20:22:10 yitzi No, you need it in the container. We may need to install debian packages.

20:23:35 yitzi Looks like it is libopenmpi-dev

20:24:06 yitzi If it is not already in the container then just add that to the apt-get install in the def file

20:36:17 drmeister Trying that.

22:16:02 drmeister No more long tail...

22:16:03 drmeister https://usercontent.irccloud-cdn.com/file/qGJE6dRZ/image.png

22:18:46 drmeister It was a handler that recognized 3 or 4 linear atoms (a problem for non-linear optimization) and that caught the error and tried to shake up the 3 or 4 linear atoms. It doesn't work very well probably because the rest of the structure forces the atoms back into a linear arrangement.

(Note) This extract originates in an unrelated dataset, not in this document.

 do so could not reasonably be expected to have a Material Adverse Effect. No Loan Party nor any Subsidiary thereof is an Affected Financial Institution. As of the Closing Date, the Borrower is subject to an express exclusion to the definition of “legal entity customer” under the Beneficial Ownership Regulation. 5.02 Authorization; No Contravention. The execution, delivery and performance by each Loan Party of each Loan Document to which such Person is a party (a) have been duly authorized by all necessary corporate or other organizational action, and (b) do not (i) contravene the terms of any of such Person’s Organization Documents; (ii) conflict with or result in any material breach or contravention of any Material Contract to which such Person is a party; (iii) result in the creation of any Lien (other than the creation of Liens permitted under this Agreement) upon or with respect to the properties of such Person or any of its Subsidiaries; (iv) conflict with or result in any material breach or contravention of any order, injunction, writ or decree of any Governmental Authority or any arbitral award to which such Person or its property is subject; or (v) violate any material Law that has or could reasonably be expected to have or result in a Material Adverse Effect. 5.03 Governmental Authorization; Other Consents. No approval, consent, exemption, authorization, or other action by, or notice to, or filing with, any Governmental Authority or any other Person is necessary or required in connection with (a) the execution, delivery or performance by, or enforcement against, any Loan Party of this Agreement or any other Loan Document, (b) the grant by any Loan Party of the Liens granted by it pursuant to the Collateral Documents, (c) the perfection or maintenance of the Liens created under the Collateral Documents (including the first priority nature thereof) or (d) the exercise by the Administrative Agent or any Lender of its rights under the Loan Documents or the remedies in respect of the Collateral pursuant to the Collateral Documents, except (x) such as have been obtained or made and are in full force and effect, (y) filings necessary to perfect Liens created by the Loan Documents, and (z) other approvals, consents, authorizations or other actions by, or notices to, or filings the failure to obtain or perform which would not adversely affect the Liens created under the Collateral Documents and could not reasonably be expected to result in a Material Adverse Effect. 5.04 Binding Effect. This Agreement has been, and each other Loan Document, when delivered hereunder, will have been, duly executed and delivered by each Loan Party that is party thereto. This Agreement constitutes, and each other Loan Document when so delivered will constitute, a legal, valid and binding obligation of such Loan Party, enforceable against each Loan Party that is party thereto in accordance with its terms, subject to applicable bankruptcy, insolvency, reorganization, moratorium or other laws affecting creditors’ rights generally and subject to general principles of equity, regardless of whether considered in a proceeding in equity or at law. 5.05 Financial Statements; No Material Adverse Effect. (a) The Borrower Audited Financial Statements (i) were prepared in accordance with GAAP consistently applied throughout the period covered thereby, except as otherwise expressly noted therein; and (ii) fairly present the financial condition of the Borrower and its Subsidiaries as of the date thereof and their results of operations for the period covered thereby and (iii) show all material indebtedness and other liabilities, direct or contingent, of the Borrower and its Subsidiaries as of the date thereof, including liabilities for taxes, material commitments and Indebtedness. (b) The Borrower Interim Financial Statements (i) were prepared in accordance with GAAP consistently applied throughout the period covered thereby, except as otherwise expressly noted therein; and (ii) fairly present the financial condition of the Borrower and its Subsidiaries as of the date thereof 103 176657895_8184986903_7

22:19:28 drmeister There was a potential infinite loop of handling the error and then restarting the calculation and it generating the error again. It would very occasionally knock itself out of that cycle.

22:19:39 drmeister I set it up so it only tries 3 times and then gives up.

22:20:24 drmeister I have an MPI build in apptainer. I'm not sure how to test it though.

23:15:58 drmeister Things are going well now with load balancing.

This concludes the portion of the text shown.